In a sharp, suave, sensible and significant observation, the Allahabad High Court in a learned, latest, laudable and landmark judgment titled Hasae @ Hasana Wae and 11 others vs State of UP and Another in Application u/s 482 No. 16310 of 2020 and 14919 of 2020 delivered recently on August 5, 2021 has minced just no words in making a strong observation that dilution of constitutional autonomy of the High Courts would threaten the concept of judicial federalism envisaged in the Constitution and affirmed by judicial precedents. Further, emphasizing that the Allahabad High Court has a history of more than 130 years which predates most constitutional courts in the country, the Court also noted distinctly that it has earned the abiding trust of the people of the State by dispensing fair and impartial justice and by the probity of conduct of the Bar and the Bench alike. There can be just no denying or disputing it!

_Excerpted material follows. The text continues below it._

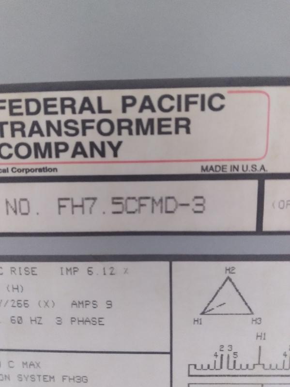 Federal Pacific FH7 5CFMD-3 Transformer 7.5kVA
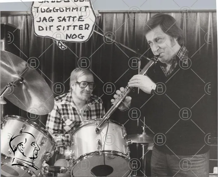 musiker, trummor, flöjt, svartvitt, band, 1970-tal, musik, studio, man, glasögon, skjorta, instrument, retro, fotografi, underhållning, komedi, humor, scen, ljud, rytm, samspel, kreativitet, nostalgi, tuggummi, pratbubbla, text

Moreover, it cannot be denied that Allahabad High Court is the biggest court in the whole of Asia and UP Bar Council is the largest Bar Council in the world!

To start with, a single Judge Bench of Justice Ajay Bhanot of Allahabad High Court who has authored this judgment sets the ball rolling by first and foremost observing in para 1 that:
These Applications U/S 482 Cr.P.C. have been connected and are being decided by a common judgement.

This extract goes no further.